*ACTION ITEM*: Everything from the line with "Granada, Miguel A[ngel]: El" to the final line of the entries is to be set down exactly, except the pictures.

[RECORDS SUPPLIED]

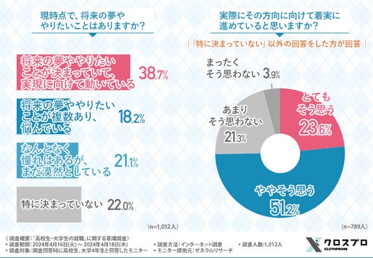 将来の夢ややりたいことが決まっていて、現実に向けて動いている方が約4割いることが明らかになりました。一方で、現時点では悩んでいたり、漠然としている方も約4割いるようです。
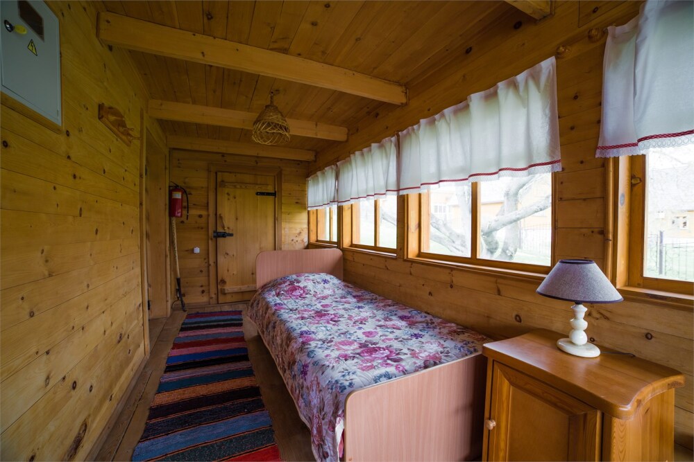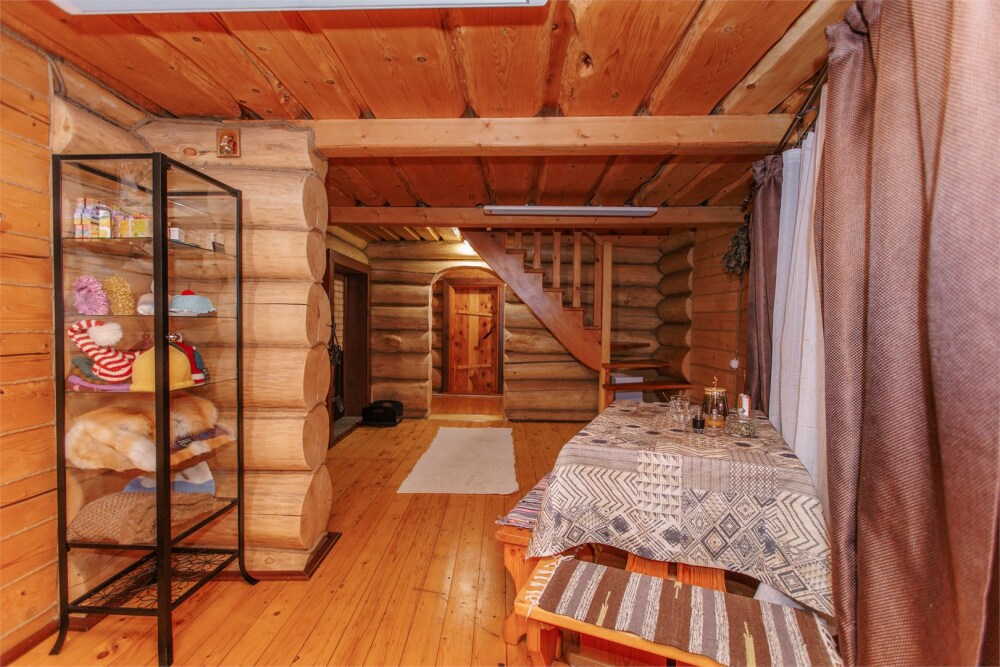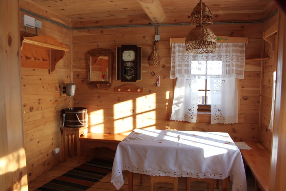 Одноэтажный дом из хвойных пород дерева, в старорусском стиле с печью, которая согревает своим теплом и создает особый уют. Пространство дома разделено на гостиную, спальную комнату и просторные сени.
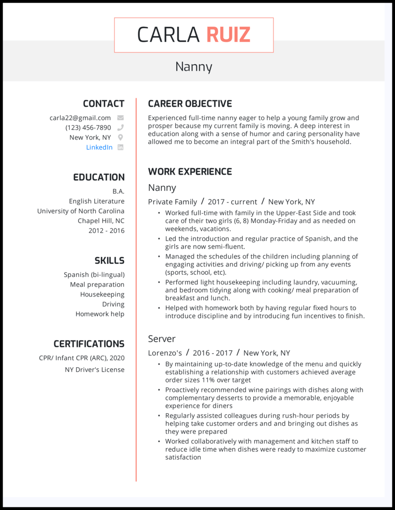 How To Put Nanny On Resume : Currículos profesionales · creador de cv gratis. What is a good description for a nanny? See the nanny bio examples below. The online resume builder so easy to use, the resumes write themselves. A resume objective does the same by showing passion, even if you lack experience. Create a professional resume in just 15 minutes, easy
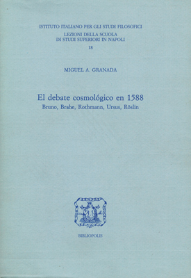 Granada, Miguel A[ngel]: El debate cosmológico en 1588: Bruno, Brahe Rothmann, Ursus, Röslin. Bibliopolis, Napoli 1996. 165 S., 1 Bl., 1 (w) OKarton.
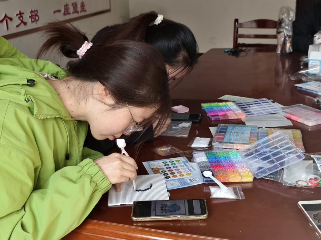 活动室组织开展了趣味“拼豆”手工创作活动,吸引了众多同学积极参与。

[/RECORDS SUPPLIED]

*ANSWER SECTION*:
 Granada, Miguel A[ngel]: El debate cosmológico en 1588: Bruno, Brahe Rothmann, Ursus, Röslin. Bibliopolis, Napoli 1996. 165 S., 1 Bl., 1 (w) OKarton.
 活动室组织开展了趣味“拼豆”手工创作活动,吸引了众多同学积极参与。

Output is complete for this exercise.